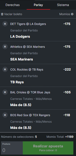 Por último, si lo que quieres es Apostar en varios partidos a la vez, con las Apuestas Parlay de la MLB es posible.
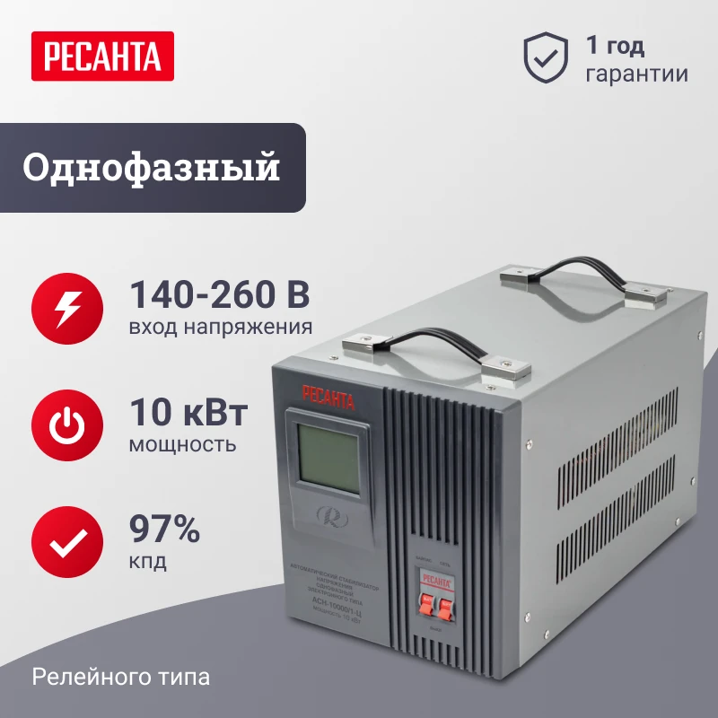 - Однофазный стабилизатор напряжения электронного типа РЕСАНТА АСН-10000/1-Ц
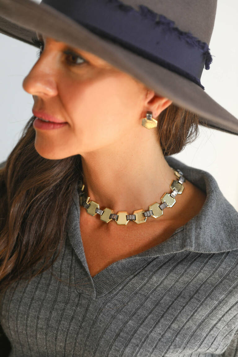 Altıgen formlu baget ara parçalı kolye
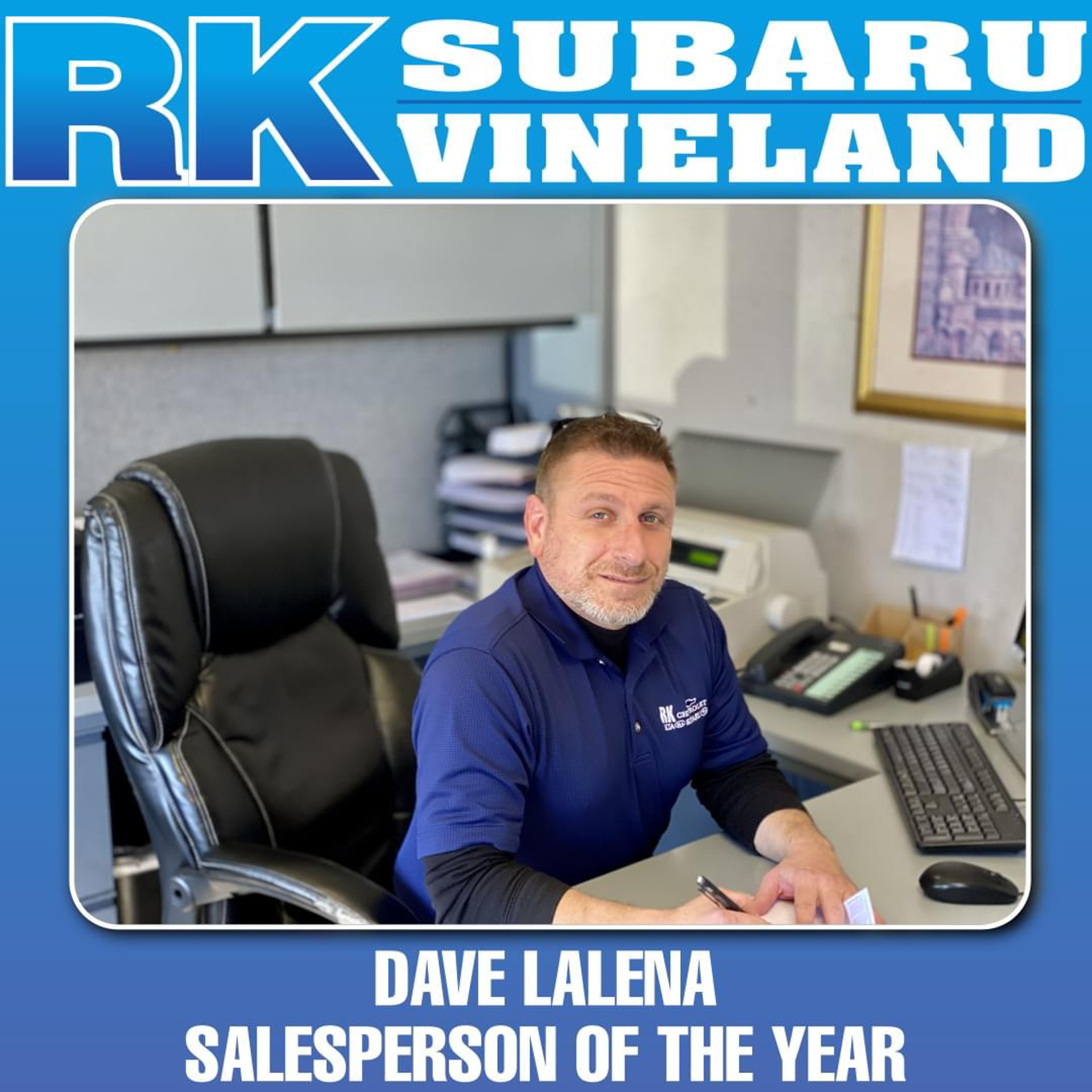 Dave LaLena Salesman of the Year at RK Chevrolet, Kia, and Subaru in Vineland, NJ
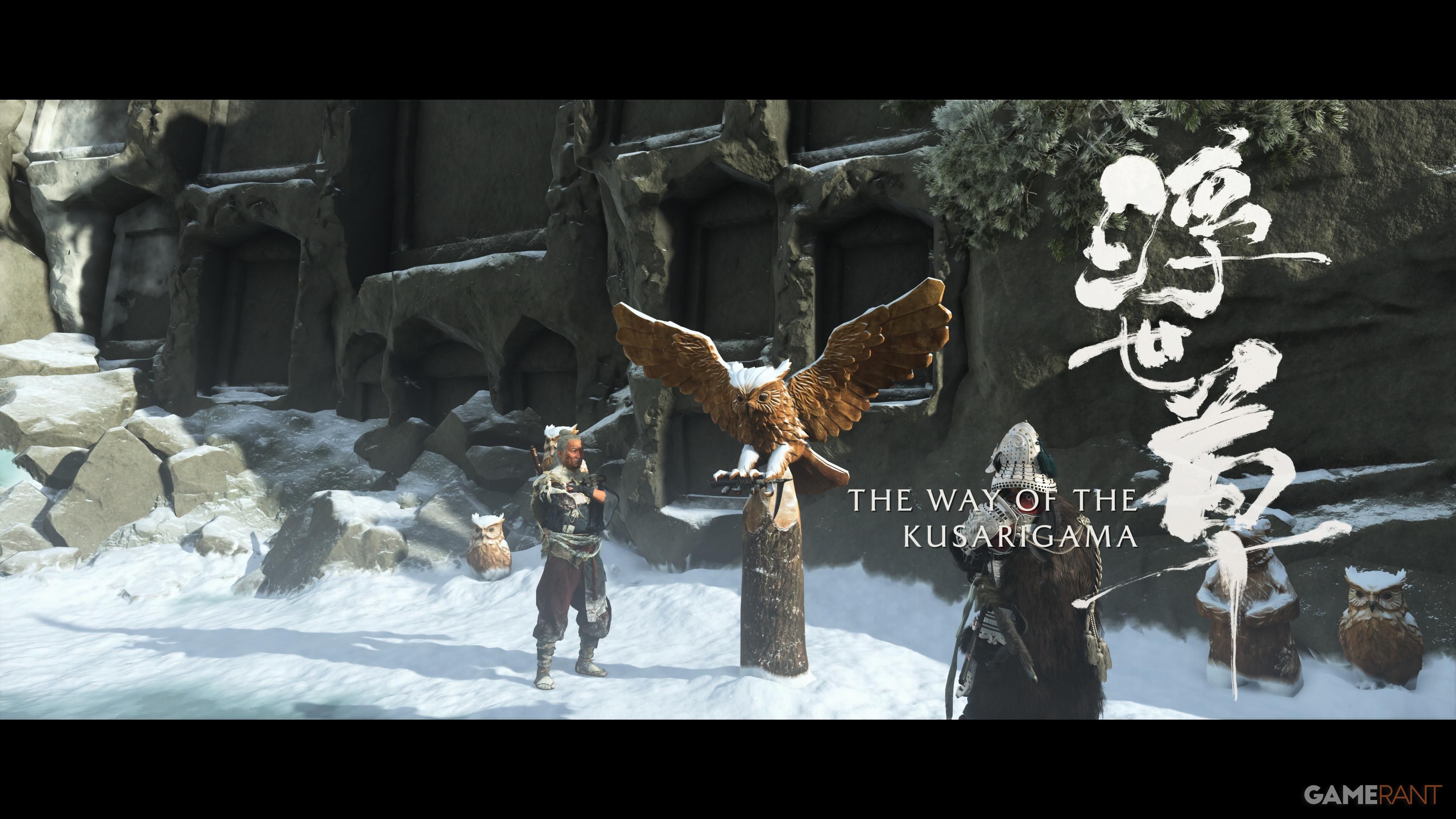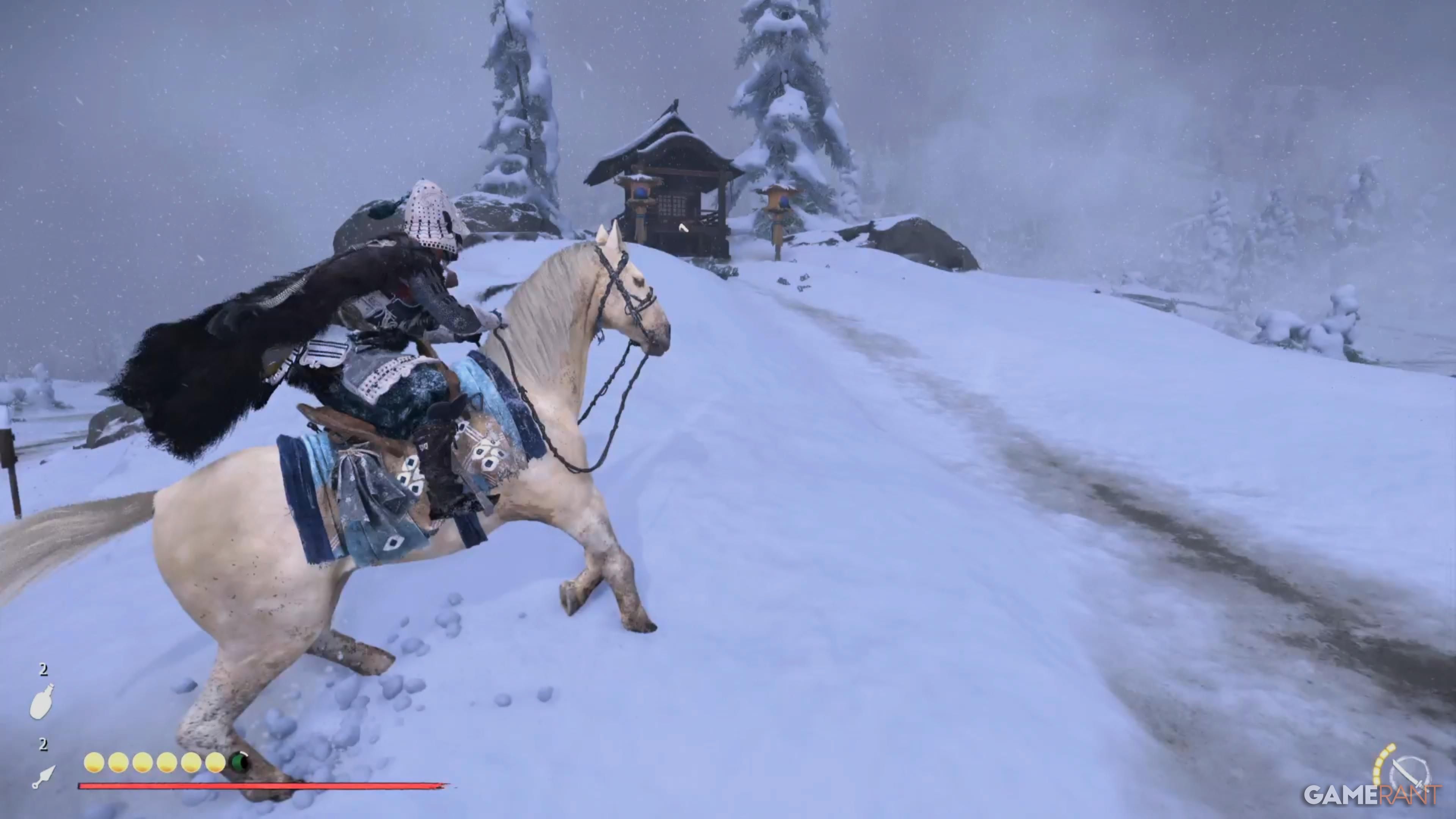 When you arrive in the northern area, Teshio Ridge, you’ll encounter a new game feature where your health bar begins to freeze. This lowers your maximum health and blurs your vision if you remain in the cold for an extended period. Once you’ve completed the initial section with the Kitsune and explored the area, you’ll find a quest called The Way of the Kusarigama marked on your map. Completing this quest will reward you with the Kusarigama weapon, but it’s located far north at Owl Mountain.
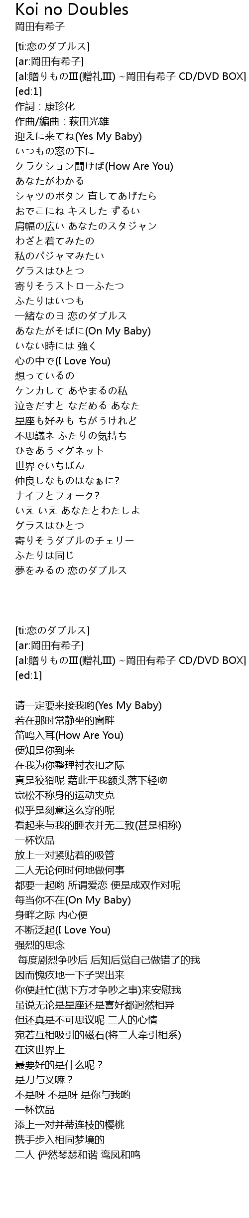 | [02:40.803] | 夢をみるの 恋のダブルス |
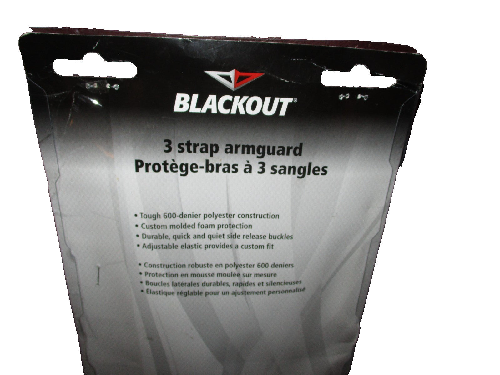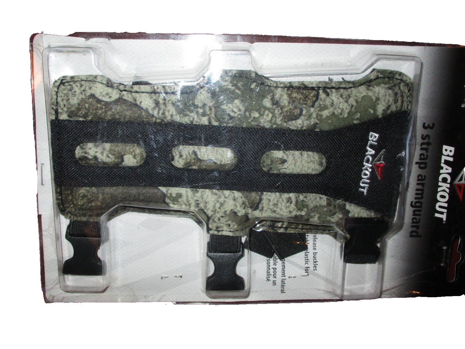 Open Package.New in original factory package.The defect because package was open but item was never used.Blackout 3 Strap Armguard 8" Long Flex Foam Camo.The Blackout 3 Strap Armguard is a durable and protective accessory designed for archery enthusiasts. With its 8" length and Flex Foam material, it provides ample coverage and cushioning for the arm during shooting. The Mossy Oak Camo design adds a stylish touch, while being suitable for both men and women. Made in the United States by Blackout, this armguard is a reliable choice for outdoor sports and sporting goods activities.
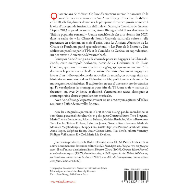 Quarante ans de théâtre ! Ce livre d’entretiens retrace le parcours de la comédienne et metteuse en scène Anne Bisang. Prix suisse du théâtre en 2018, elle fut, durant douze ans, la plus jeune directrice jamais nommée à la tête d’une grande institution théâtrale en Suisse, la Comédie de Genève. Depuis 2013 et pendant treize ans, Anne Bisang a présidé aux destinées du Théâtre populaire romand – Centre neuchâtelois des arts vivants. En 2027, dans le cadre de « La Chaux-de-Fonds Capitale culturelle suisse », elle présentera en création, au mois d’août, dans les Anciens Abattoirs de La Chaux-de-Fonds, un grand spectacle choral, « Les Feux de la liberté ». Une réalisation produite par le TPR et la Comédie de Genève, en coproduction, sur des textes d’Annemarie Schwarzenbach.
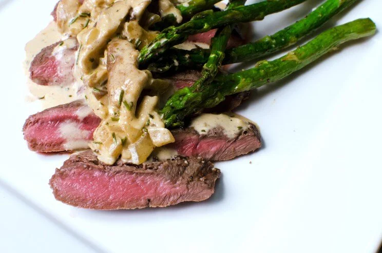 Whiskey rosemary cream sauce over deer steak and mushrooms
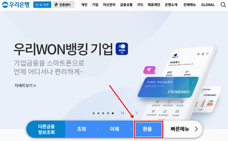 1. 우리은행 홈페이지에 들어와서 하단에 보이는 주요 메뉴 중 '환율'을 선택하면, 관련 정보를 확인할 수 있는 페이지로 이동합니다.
========================================
Task to complete:
In the material above, which lines fall between the one holding "- Однофазный стабилизатор" and the one holding "夢をみるの 恋のダブルス |", inclusive? Print exactly those, with the pictures left out.

Response below:
 - Однофазный стабилизатор напряжения электронного типа РЕСАНТА АСН-10000/1-Ц
 Altıgen formlu baget ara parçalı kolye
 Dave LaLena Salesman of the Year at RK Chevrolet, Kia, and Subaru in Vineland, NJ
 When you arrive in the northern area, Teshio Ridge, you’ll encounter a new game feature where your health bar begins to freeze. This lowers your maximum health and blurs your vision if you remain in the cold for an extended period. Once you’ve completed the initial section with the Kitsune and explored the area, you’ll find a quest called The Way of the Kusarigama marked on your map. Completing this quest will reward you with the Kusarigama weapon, but it’s located far north at Owl Mountain.
 | [02:40.803] | 夢をみるの 恋のダブルス |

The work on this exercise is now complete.